■ **DATASET ENTRIES**:
★ ★ ★ ★
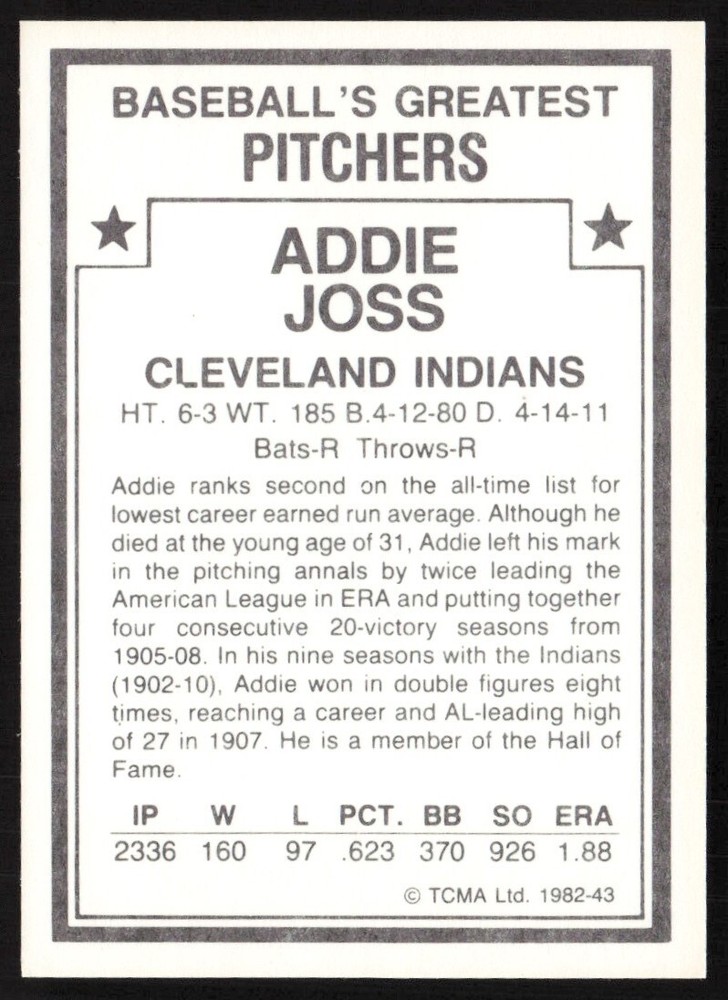 About Me Other Listings Feedback Add to Favorites Contact Me eBay Store DJ Chino Sports 1982 TCMA Baseball's Greatest Pitchers Addie Joss Cleveland Indians #43 No stock photo / These are real scans or pictures Details Description: Addie Joss Category: Baseball Year: 1982 Product: TCMA Baseball's Greatest Pitchers Team: Cleveland Indians Card Number: 43 Dimensions: 3½" x 2½" SKU: BL A0001 R01 M (92) Payment Payment due upon purchase. Shipping Shipping - Please see shipping for pricing and details. - Every card (excluding graded cards) will be shipped in a penny sleeve and Card Saver. Some cases in a top loader. - Any damage to your card during shipping, or not received. I will contact eBay to issue a refund. - I honor combined shipping and discounted shipping for additional items. For standard cards, $.10 each for additional cards. For more information, please check shipping details. - For Graded Cards, I will be shipping in a standard box and well protected. Rookie No returns or cancellations accepted. About Us Welcome to my store. I have been collecting cards for 30+ years and enjoy collecting. I am starting my store so that I can share my collection to the world. Please check out my other listings and feel free to reach out to me with any questions. Thank you. Cards Information - Cards are scanned and immediately after break. - Please refer to photos for additional details. - Cards are in NMINT or better shape may have lines, smudges, different color, or dust due to the scanner. If you would like more details on this card. Please message me and will be happy to send other photos. - Cards may have minor flaws such as slight corner/edge dings, production printing, surface dimples, ect. Please message me if you have questions. - All my cards are stored in a cool environment and in card boxes. - With listings that have multiple quantities. I do label condition, and may not be the card you you see in the picture. If you would like additional photos, please let me know and will eBay message you photos. Listing By Kronocard trading cards software v2.7.0.1
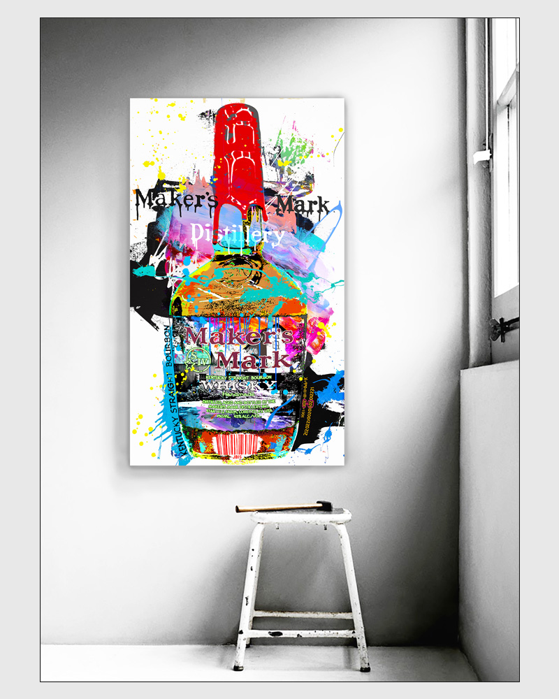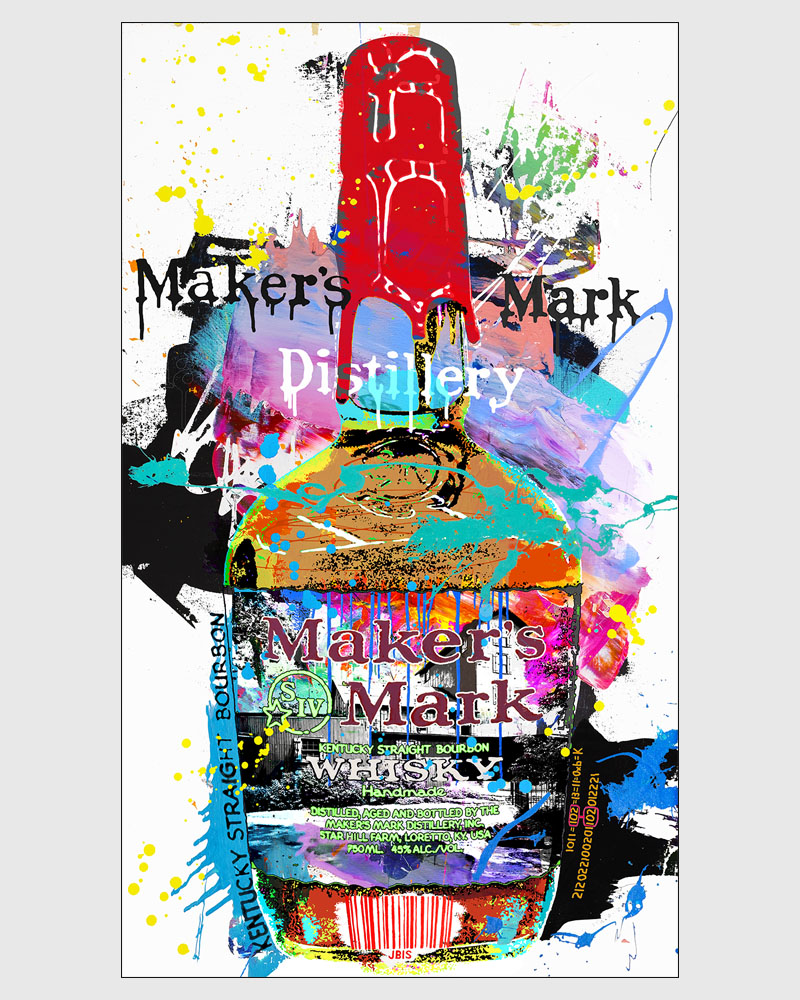 “MAKERS MARK” 28 by 48 inches, acrylic - mixed media & GD on canvas mounted to hardpanel coated in resin (2020)
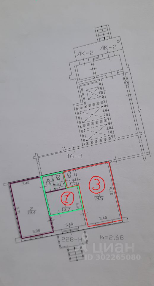 Соседнее помещение 21 кв.м.(пом.3 на плане) сдается, свободное. Можно арендовать оба помещения.
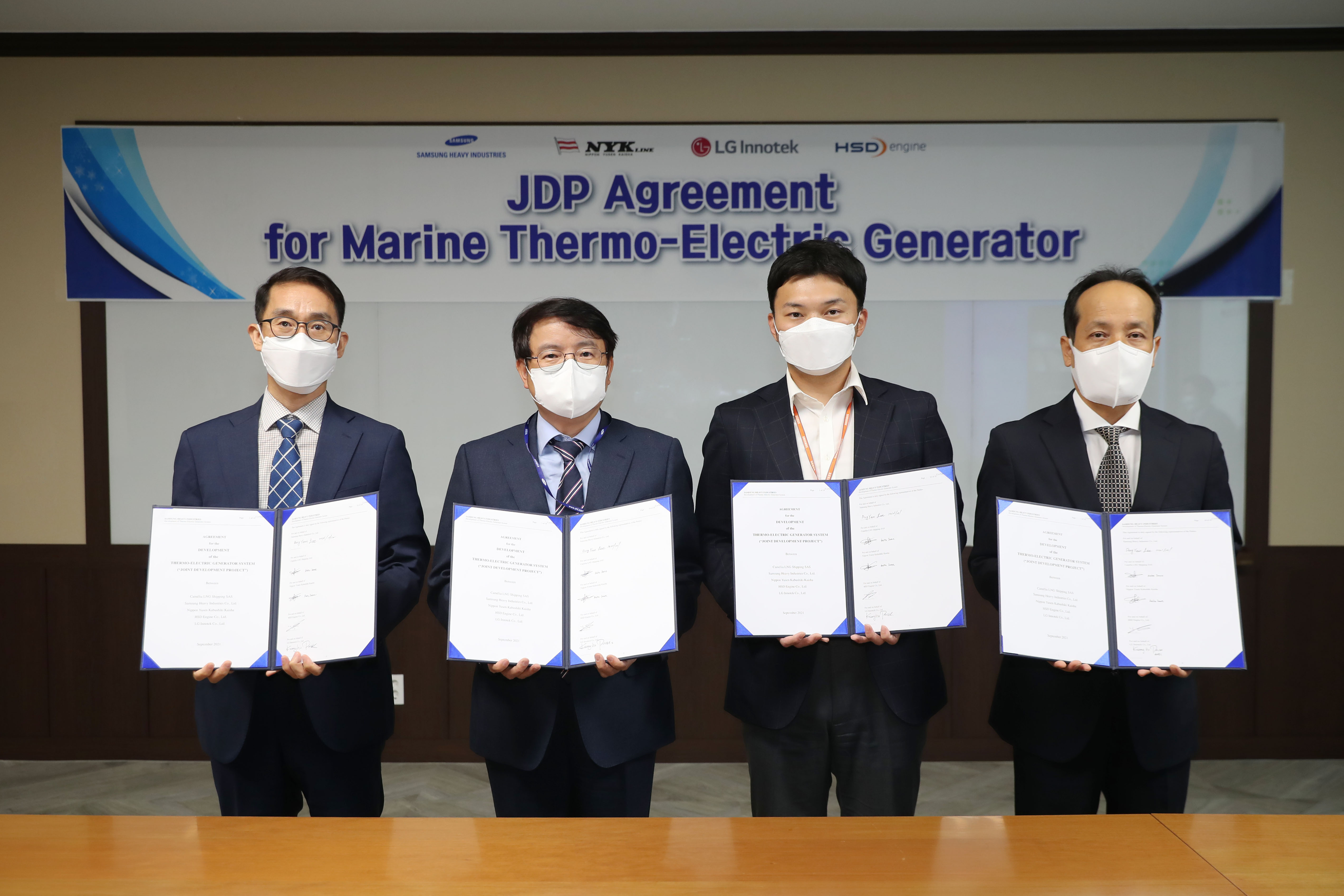 삼성重, 세계최초 열전발전 탑재 LNG船사진 왼쪽부터 박광호 LG이노텍 소자소재연구소장 , 이동연 삼성중공업 조선해양연구소장, 케이타이노우에 NYK 호선 담당 (KEITA INOUE NYK Representative), 최종태 HSD엔진 기술 담당 만든다
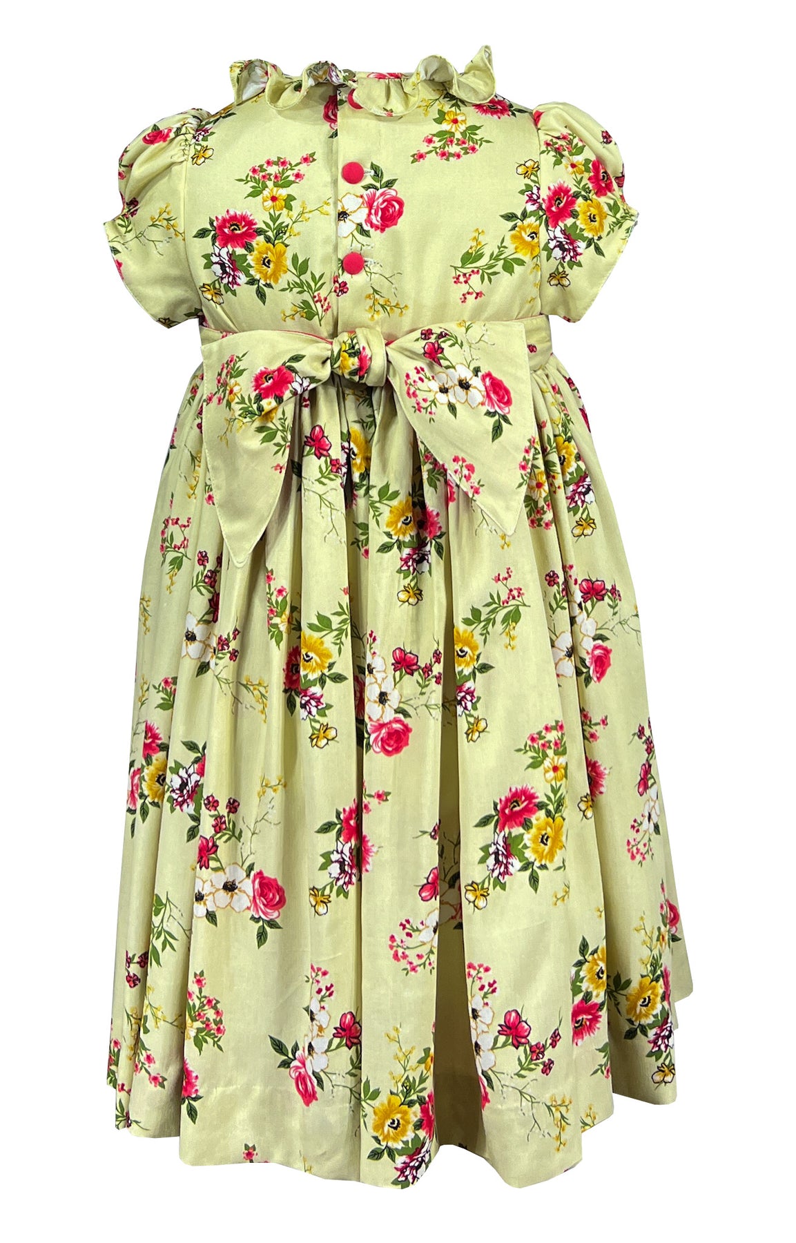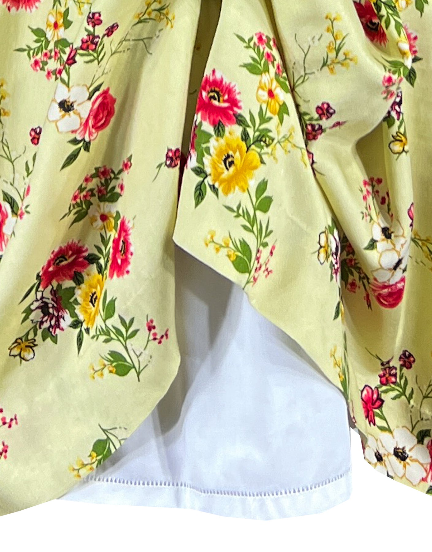 The flowing skirt cascades in gentle pleats, scattered with the same enchanting floral motifs that bloom across the bodice. The back features self-covered buttons and our signature butterfly bow sash.
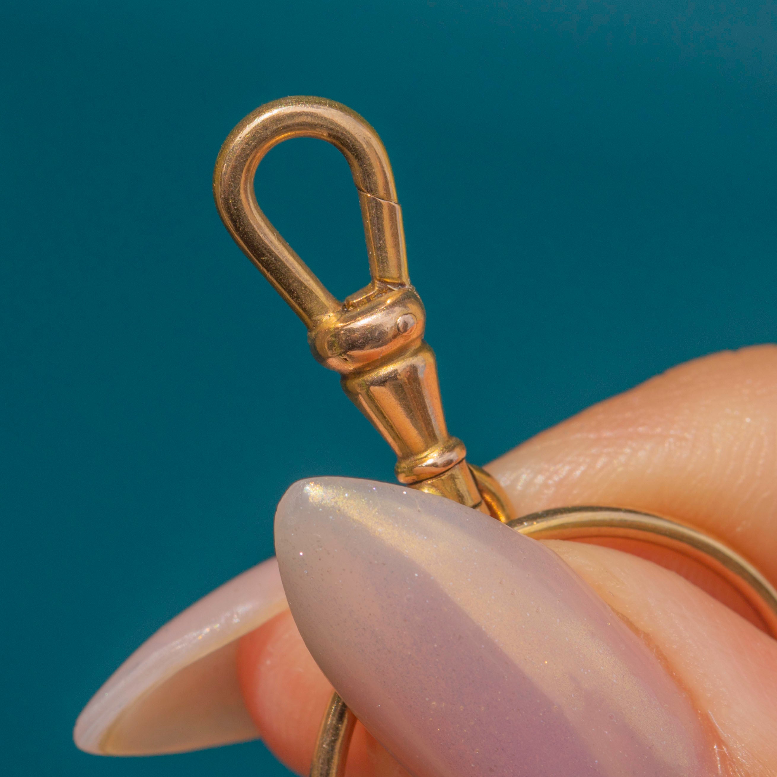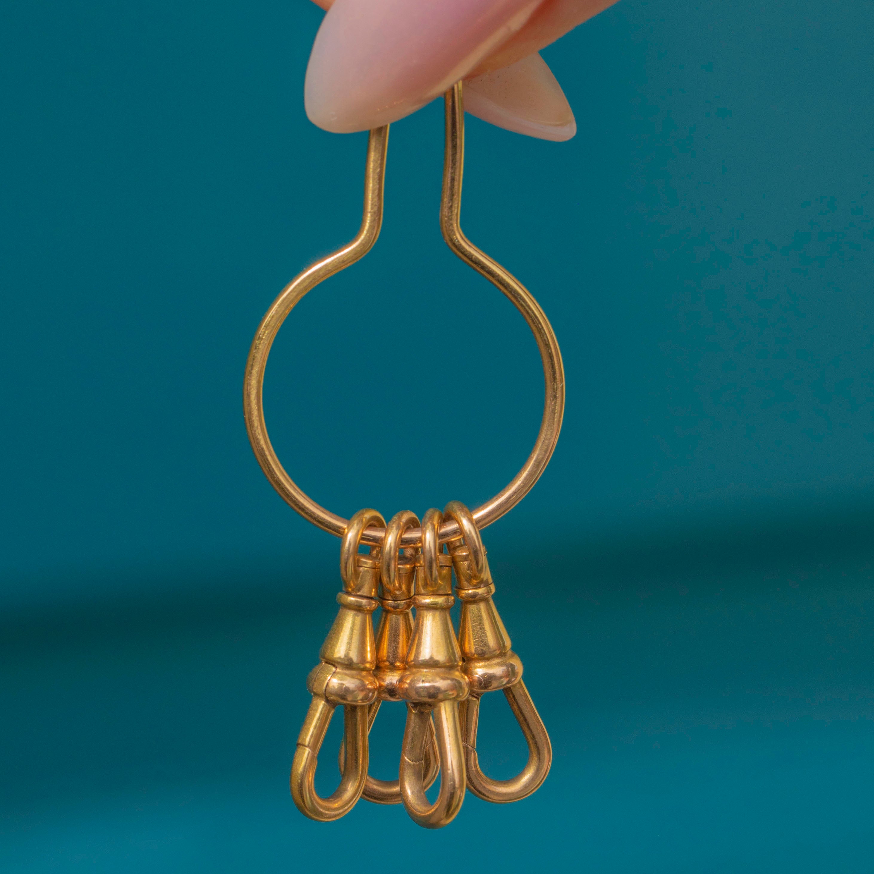 This unusual and versatile charm holder is made up of four antique dog-clip clasps, all stamped “585” for solid 14ct Gold. Dating to the Art Deco period c.1920s, it’s a rare and stylish accessory, allowing you to attach charms, pendants, or chains in multiple creative ways.
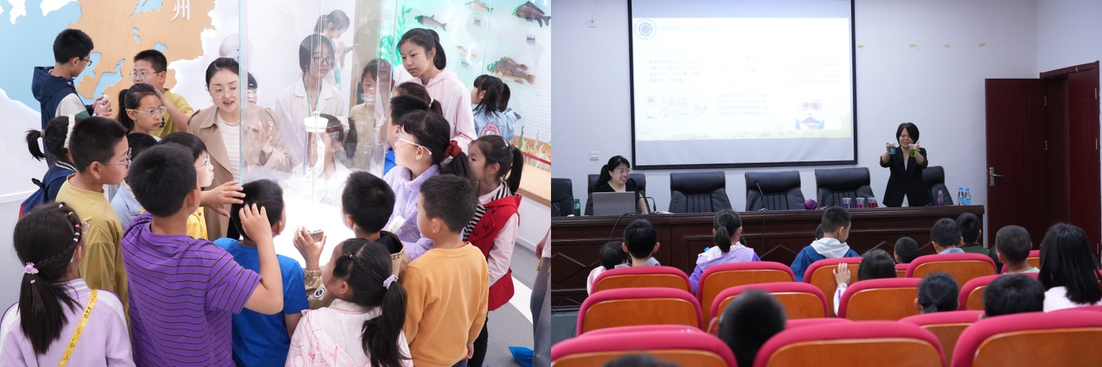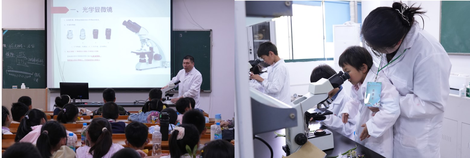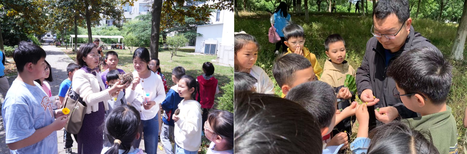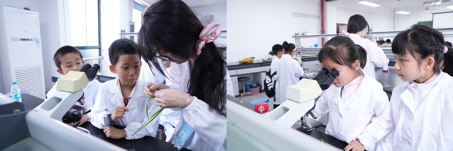 活动以"珍稀动物探秘"拉开序幕。在邵爱华老师和英晓莉老师的带领下,孩子们近距离观察斑鳖、中华鲟等濒危动物标本,通过互动问答了解珍稀物种保护现状。科普馆内此起彼伏的惊叹声中,生物多样性保护意识悄然扎根。随后的《食品化学大冒险》讲座现场,袁研老师和程宏英老师以"酸碱变色魔法"实验点燃全场。当紫甘蓝汁在不同溶液中幻化出彩虹色谱时,孩子们争先恐后与指导教师探讨日常食物的酸碱性奥秘。春意盎然的校园化身天然实验室,充满好奇心的"小小科学家"们穿梭于花丛间,在钱玮和邵爱华两位老师指导下对比不同花卉、植物的叶脉差异。芬芳的三角梅、挺拔的香樟都成了鲜活的教材,自然观察笔记上填满了童趣盎然的发现。两位老师更是向小朋友们讲解了校园内疯长的入侵植物,告诫他们植物入侵的巨大危害。显微镜观察环节将活动推向高潮。经过规范化培训后,孩子们独立完成显微观察,惊叹于韭菜表皮细胞的规整排列,好奇比较着不同花粉的独特形态。当孩子们主动要求延长观察时间时,在场的老师们欣喜地意识到:科学探索的种子已经在孩子们的心中萌芽生长。
★ ★ ★ ★
■ **PROBLEM TO WORK ON**:
Output every line of the records exactly, excluding all pictures.

■ **RESULT FOR THIS TASK**:
 About Me Other Listings Feedback Add to Favorites Contact Me eBay Store DJ Chino Sports 1982 TCMA Baseball's Greatest Pitchers Addie Joss Cleveland Indians #43 No stock photo / These are real scans or pictures Details Description: Addie Joss Category: Baseball Year: 1982 Product: TCMA Baseball's Greatest Pitchers Team: Cleveland Indians Card Number: 43 Dimensions: 3½" x 2½" SKU: BL A0001 R01 M (92) Payment Payment due upon purchase. Shipping Shipping - Please see shipping for pricing and details. - Every card (excluding graded cards) will be shipped in a penny sleeve and Card Saver. Some cases in a top loader. - Any damage to your card during shipping, or not received. I will contact eBay to issue a refund. - I honor combined shipping and discounted shipping for additional items. For standard cards, $.10 each for additional cards. For more information, please check shipping details. - For Graded Cards, I will be shipping in a standard box and well protected. Rookie No returns or cancellations accepted. About Us Welcome to my store. I have been collecting cards for 30+ years and enjoy collecting. I am starting my store so that I can share my collection to the world. Please check out my other listings and feel free to reach out to me with any questions. Thank you. Cards Information - Cards are scanned and immediately after break. - Please refer to photos for additional details. - Cards are in NMINT or better shape may have lines, smudges, different color, or dust due to the scanner. If you would like more details on this card. Please message me and will be happy to send other photos. - Cards may have minor flaws such as slight corner/edge dings, production printing, surface dimples, ect. Please message me if you have questions. - All my cards are stored in a cool environment and in card boxes. - With listings that have multiple quantities. I do label condition, and may not be the card you you see in the picture. If you would like additional photos, please let me know and will eBay message you photos. Listing By Kronocard trading cards software v2.7.0.1
 “MAKERS MARK” 28 by 48 inches, acrylic - mixed media & GD on canvas mounted to hardpanel coated in resin (2020)
 Соседнее помещение 21 кв.м.(пом.3 на плане) сдается, свободное. Можно арендовать оба помещения.
 삼성重, 세계최초 열전발전 탑재 LNG船사진 왼쪽부터 박광호 LG이노텍 소자소재연구소장 , 이동연 삼성중공업 조선해양연구소장, 케이타이노우에 NYK 호선 담당 (KEITA INOUE NYK Representative), 최종태 HSD엔진 기술 담당 만든다
 The flowing skirt cascades in gentle pleats, scattered with the same enchanting floral motifs that bloom across the bodice. The back features self-covered buttons and our signature butterfly bow sash.
 This unusual and versatile charm holder is made up of four antique dog-clip clasps, all stamped “585” for solid 14ct Gold. Dating to the Art Deco period c.1920s, it’s a rare and stylish accessory, allowing you to attach charms, pendants, or chains in multiple creative ways.
 活动以"珍稀动物探秘"拉开序幕。在邵爱华老师和英晓莉老师的带领下,孩子们近距离观察斑鳖、中华鲟等濒危动物标本,通过互动问答了解珍稀物种保护现状。科普馆内此起彼伏的惊叹声中,生物多样性保护意识悄然扎根。随后的《食品化学大冒险》讲座现场,袁研老师和程宏英老师以"酸碱变色魔法"实验点燃全场。当紫甘蓝汁在不同溶液中幻化出彩虹色谱时,孩子们争先恐后与指导教师探讨日常食物的酸碱性奥秘。春意盎然的校园化身天然实验室,充满好奇心的"小小科学家"们穿梭于花丛间,在钱玮和邵爱华两位老师指导下对比不同花卉、植物的叶脉差异。芬芳的三角梅、挺拔的香樟都成了鲜活的教材,自然观察笔记上填满了童趣盎然的发现。两位老师更是向小朋友们讲解了校园内疯长的入侵植物,告诫他们植物入侵的巨大危害。显微镜观察环节将活动推向高潮。经过规范化培训后,孩子们独立完成显微观察,惊叹于韭菜表皮细胞的规整排列,好奇比较着不同花粉的独特形态。当孩子们主动要求延长观察时间时,在场的老师们欣喜地意识到:科学探索的种子已经在孩子们的心中萌芽生长。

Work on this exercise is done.